SUPPLIED MATERIAL:
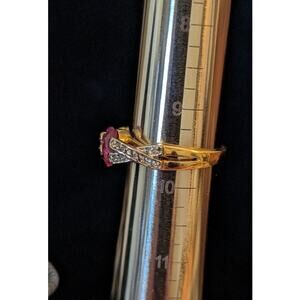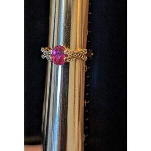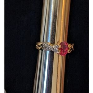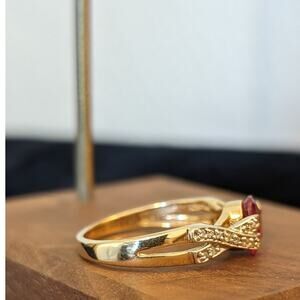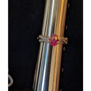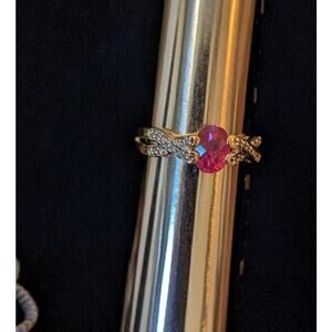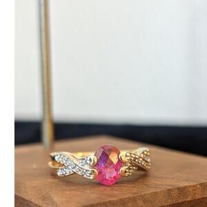 14K Gold Natural Pink Tourmaline & Diamond Criss Cross Band Ring Size 9.5
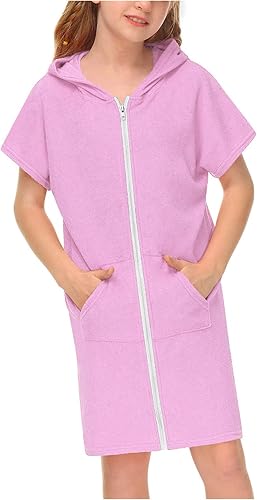 Girls Swim Terry Cloth Cover Ups Kids Swimsuit Coverup Zip-Up Beach Bathing Suit Wraps Summer Short Sleeve Beach Dress(A-pink,10-11 Years)
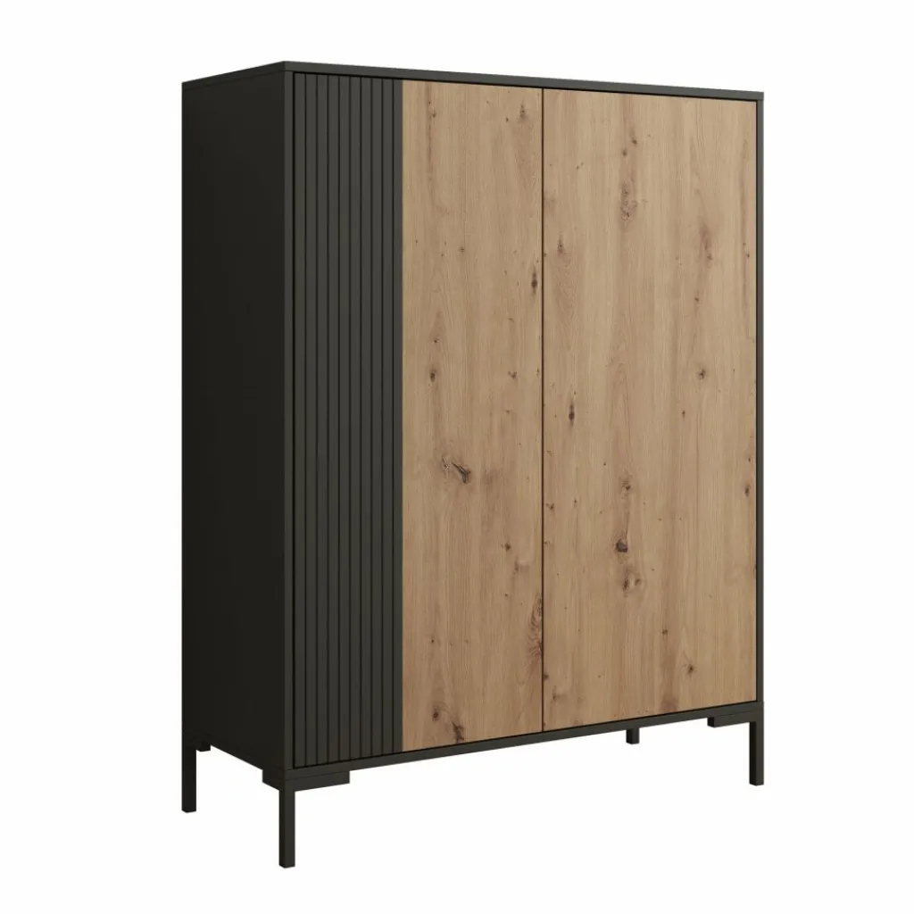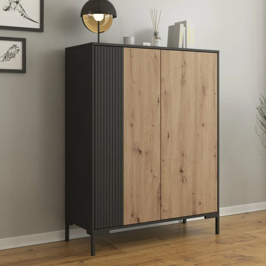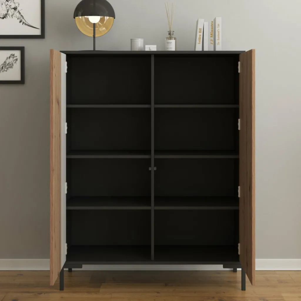 Dressoir Molina is een opbergkast in een industriële stijl. De kast beschikt over 2 deuren die openen met het push to open systeem. Achter de deuren zitten in totaal 8 opbergvakken. De Molina is uitgevoerd in de kleur eiken met zwart en staat op metalen poten.
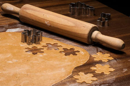 Polling pin for making gingerbread. Close-up of rolling raw dough for gingerbread. Christmas mood. Preparing for hollidays

WHAT YOU SHOULD DO: From the opening line of the listing above through the line bearing "Girls Swim Terry", repeat each line exactly. Drop every picture.

EXERCISE RESULT:
 14K Gold Natural Pink Tourmaline & Diamond Criss Cross Band Ring Size 9.5
 Girls Swim Terry Cloth Cover Ups Kids Swimsuit Coverup Zip-Up Beach Bathing Suit Wraps Summer Short Sleeve Beach Dress(A-pink,10-11 Years)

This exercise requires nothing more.